Excerpts from a dataset:
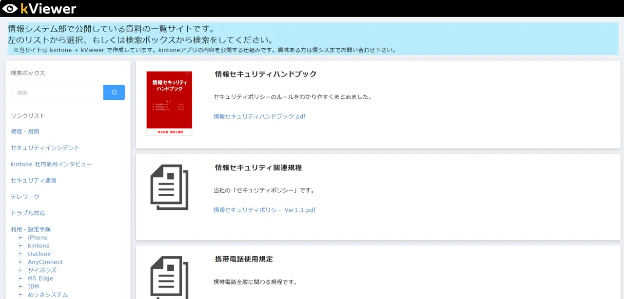 マニュアルやスマホ設定手順などをkViewerに集約し、社内イントラとして活用した
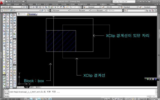 이것이 XClip의 일반적 진행이며, 이 XClip 명령 실행후 자르기 경계를 삭제해도 블럭이나 외부참조 도면에는 어떠한 영향도 미치치 않는것으로알고 있는데,
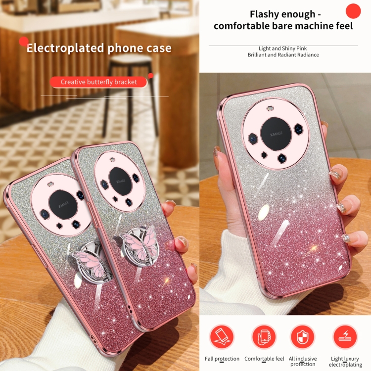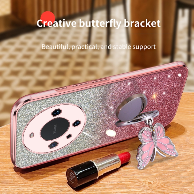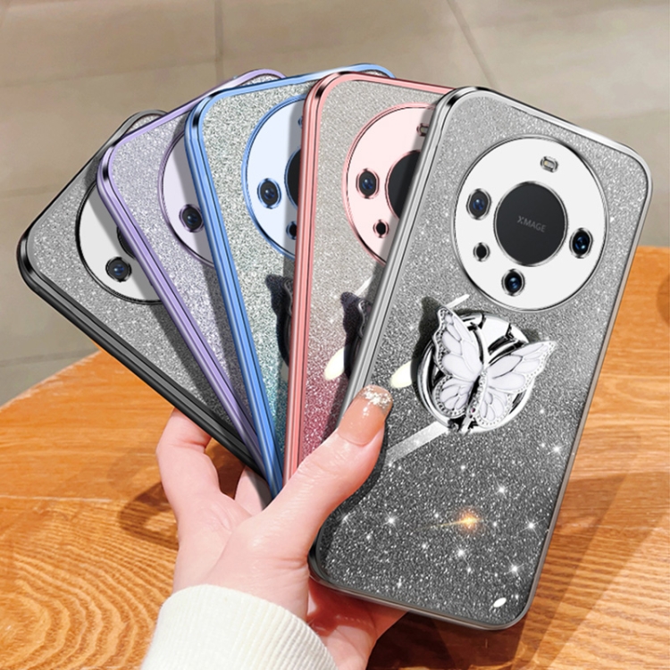 - 1x Funda TPU para Huawei Mate 60 Pro con Soporte de mariposa y brillo degradado (Azul Sierra)
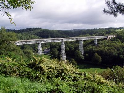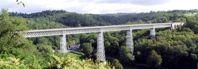 El Viaduc de Busseau-sur-Creuse se extiende 338.7 metros sobre el río Creuse, con estructuras metálicas y pilares de mampostería que alcanzan 56.5 metros de altura.
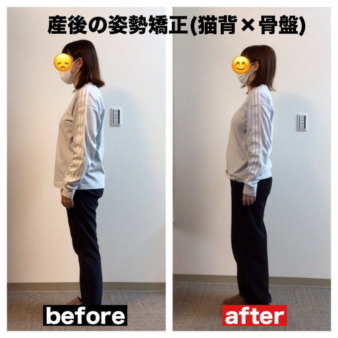 ※画像は姿勢矯正の途中出産後の育児で肩こりと腰痛が出るようになりご来院。
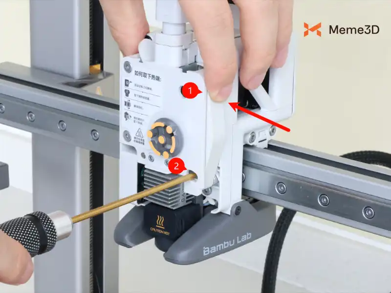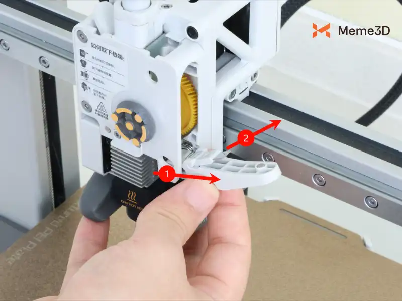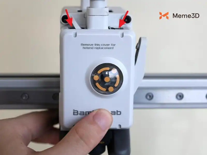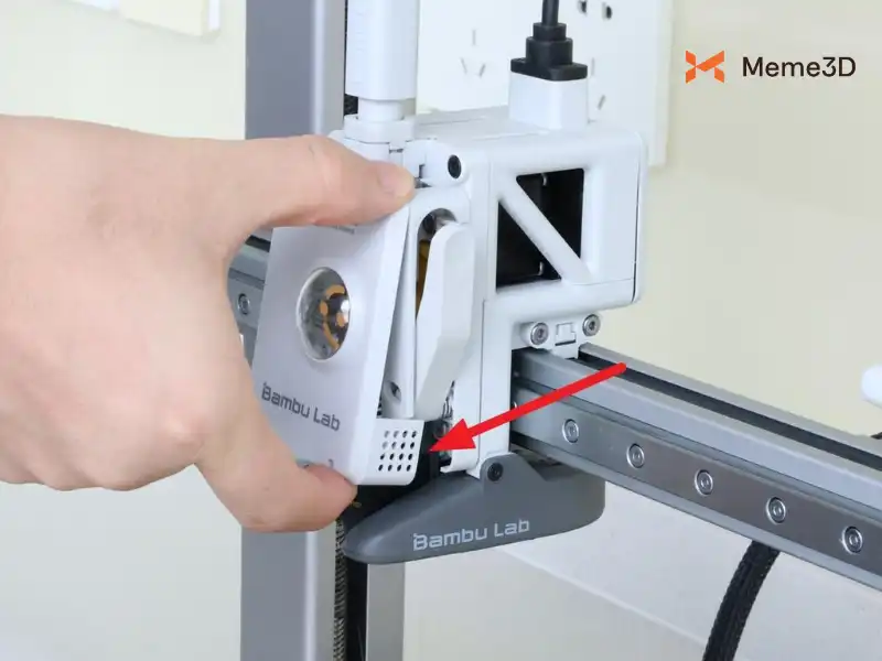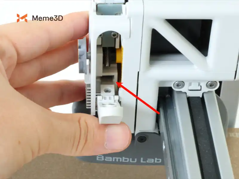 Bước đầu tiên để thay thế lưỡi cắt sợi nhựa trên máy in A1 là tháo nắp trước của đầu in. Nắm lấy phần đế của nắp trước và nhẹ nhàng kéo về phía bạn.

→ **WHAT THE TASK ASKS**
Your task is to reproduce exactly the lines running from the line that contains "이것이 XClip의 일반적" to the end of the records, pictures excluded.

→ **ANSWER TO THIS PROBLEM**
 이것이 XClip의 일반적 진행이며, 이 XClip 명령 실행후 자르기 경계를 삭제해도 블럭이나 외부참조 도면에는 어떠한 영향도 미치치 않는것으로알고 있는데,
 - 1x Funda TPU para Huawei Mate 60 Pro con Soporte de mariposa y brillo degradado (Azul Sierra)
 El Viaduc de Busseau-sur-Creuse se extiende 338.7 metros sobre el río Creuse, con estructuras metálicas y pilares de mampostería que alcanzan 56.5 metros de altura.
 ※画像は姿勢矯正の途中出産後の育児で肩こりと腰痛が出るようになりご来院。
 Bước đầu tiên để thay thế lưỡi cắt sợi nhựa trên máy in A1 là tháo nắp trước của đầu in. Nắm lấy phần đế của nắp trước và nhẹ nhàng kéo về phía bạn.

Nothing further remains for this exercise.